Tuesday, September 26, 2006

Men of Letters

Taking advantage of a last-minute invitation, I'm liveblogging the PajamasMedia get-together at the National Press Club. My first time attending one of these things. It certainly is a pleasure to meet many people whom I've only read from before. I met hard-driving Pamela right at the door, and intrepid travel-blogger Michael Totten (does being taller make one braver?) a few moments later, publisher Adam Bellow, and many more.

(I no longer use a notebook computer at these events; I laboriously type everything into my handheld "toy" - a Dell Axim X51. With the rhinoskin cover, I can pretty much carry my computer in my back pocket. I'll do the editing later.)

As I meet and greet old friends for the first time, my mind fixes on an analogy to our little community of bloggers. The more I think about it, the more certain I am that it applies:

We bloggers are "men of letters".

Most people don't realize that what we call the mainstream media really only dates back to the first daily newspapers of the early eighteenth century. Before that, and for over a hundred years later, it was the letter-writers who shaped the world. The salons of the French and the coffee-houses of the English are the places where politics, science, and culture were shaped. Us bloggers use email and blog posts to communicate. Our spiritual predecessors used letters and
mass-produced pamphlets.

It was the letter-writers who have the fame and infamy for creating the French and American revolutions; newspapers were a poor accessory.

I date the end of the era of the dominance of the letter-writers to the election of Andrew Jackson in the nineteenth century. For the first time, the great size and ease of communications of the United States of America permitted an unprecedented campaign of national vilification of a devoted public servant...

Ah, I should be paying more attention to the lecture. Benjamin Franklin in a
green suit? I love it!...Reynolds talks about his invitation to the White House
today and the dangers of faction...

The men of letters essentially organized themselves to replace the monarchs and courtiers of their time with the rule of men like themselves. When newspapers grew more prominent in the public consciousness, the letter-men peacefully yielded leadership to the democratic majority -

Ah, Barone is striking near as he talks of drawing and quartering courtiers.
"Real partisanship", as he puts it...

Because of their scale and advertising support

- oh come on, the baby-boom generation wasn't ALL bad -

newspapers have displaced pamphlets for nearly two centuries. The rise of weblogs and the ease of email may now be swinging the reins of democratic power back into the hands of the class which created it in the first place.

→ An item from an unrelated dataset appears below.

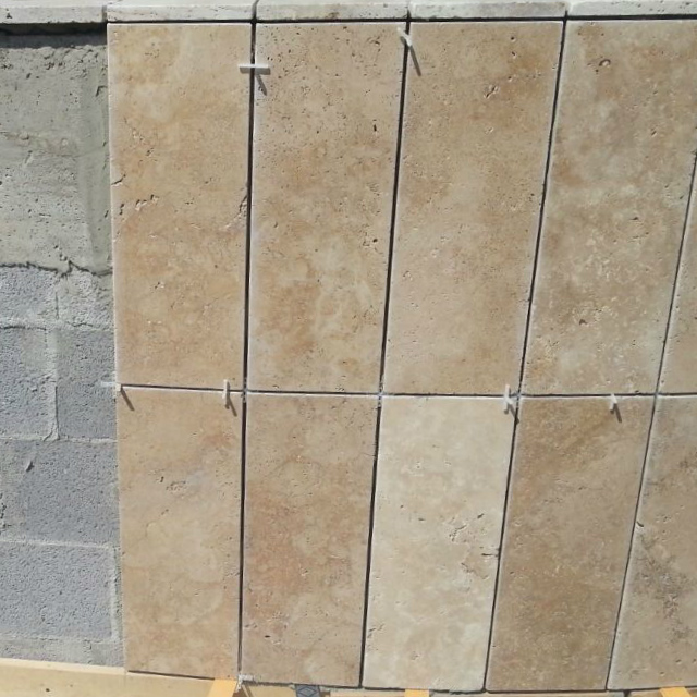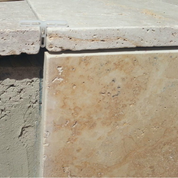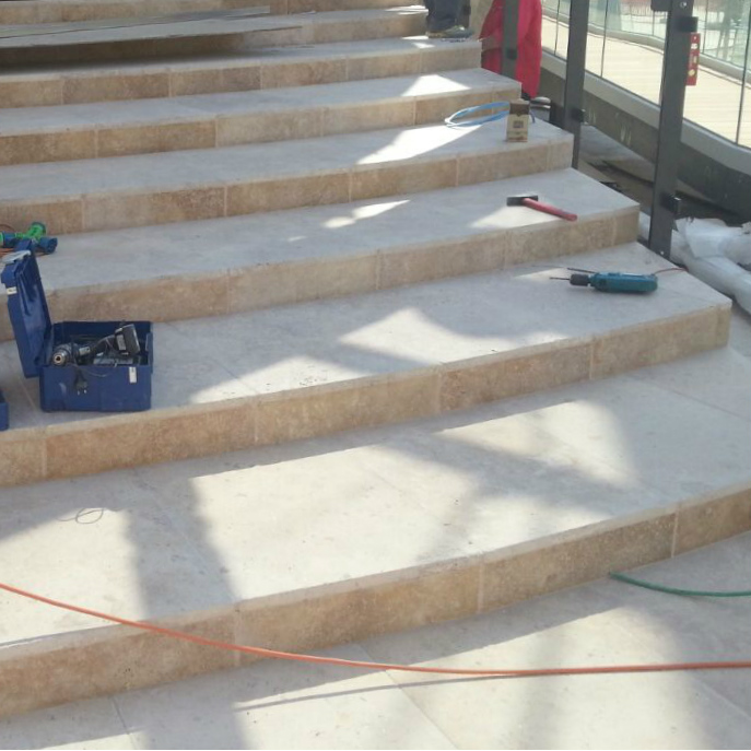 Die Materialwahl fiel für dieses Projekt auf den Travertin PDR 029 Autunno ; ein Travertin, bei dem die natürlichen Töne überwiegen; von einem hellen Beige bis zu einem Braun mit rötlichen Einschlüssen. Dieser Travertin gehört der Auswahl Nuvolati, an, das heißt es sind Steine die gegen das Lager geschnitten sind, also gegen die Schichtung, was zu der wolkenartigen Struktur führt.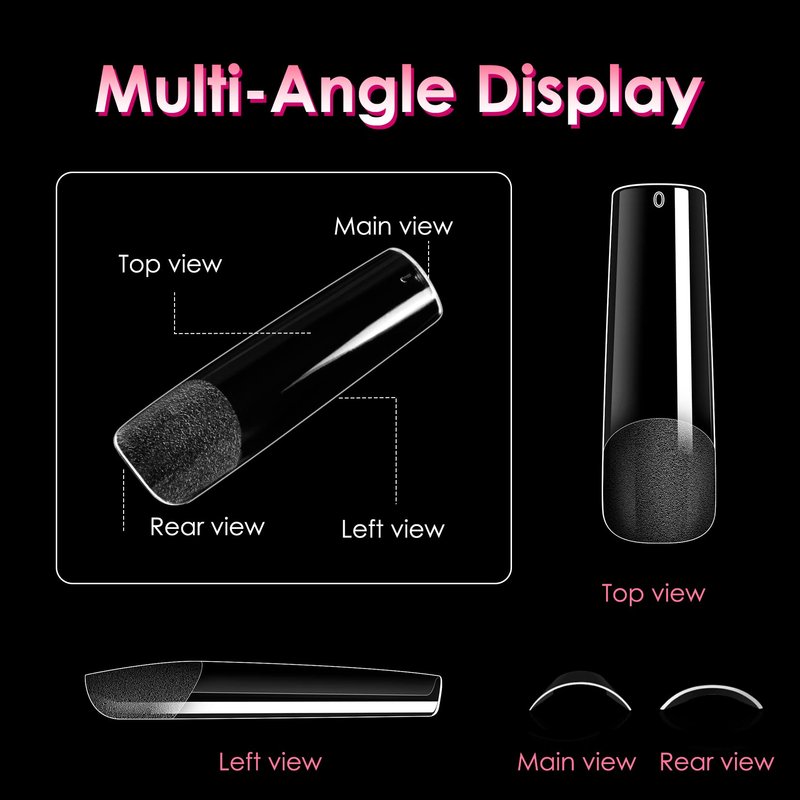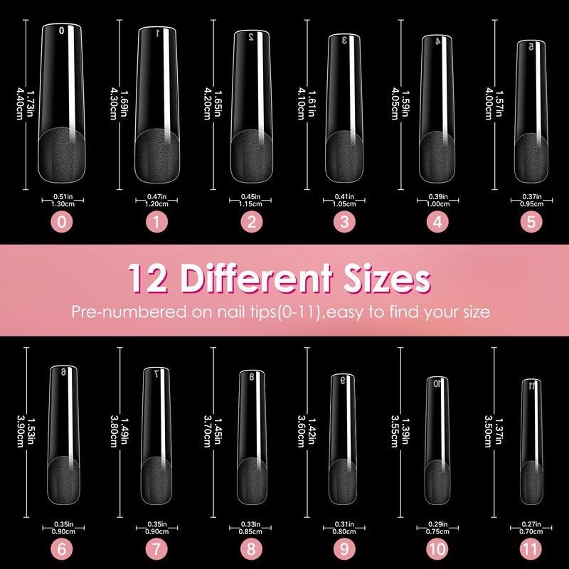 - Simple Operation:We just need to pick the clear nail tips to suit the length and size of each nail. After matching a suitable false nails,apply glue to the edge of the fake nail,press it on your nail for 10 seconds,and then shine a nail lamp on it for 1 minute. Also this straight nail tip is XXL plus length, we can trim it to the shape and length we want.

May we use that power well and to the benefit of all mankind.

Update: A rebuttal from Tristam Shandy tries to trash us PJM folks by comparing us specifically to Thomas Paine. That's really good. Paine's Common Sense convinced many colonists of the tyranny of George III, just as Charles Johnson's exposure of the CBS "Rathergate" scandal convinced many Americans of the tyranny of the mainstream media. Later, Paine supported the French Revolution, but not the Regicide or the Terror.

When he died, one newspaper obituary read: "He had lived long, did some good and much harm." Perhaps when we pass on, we will have the honor of the MSM characterizing us the same way.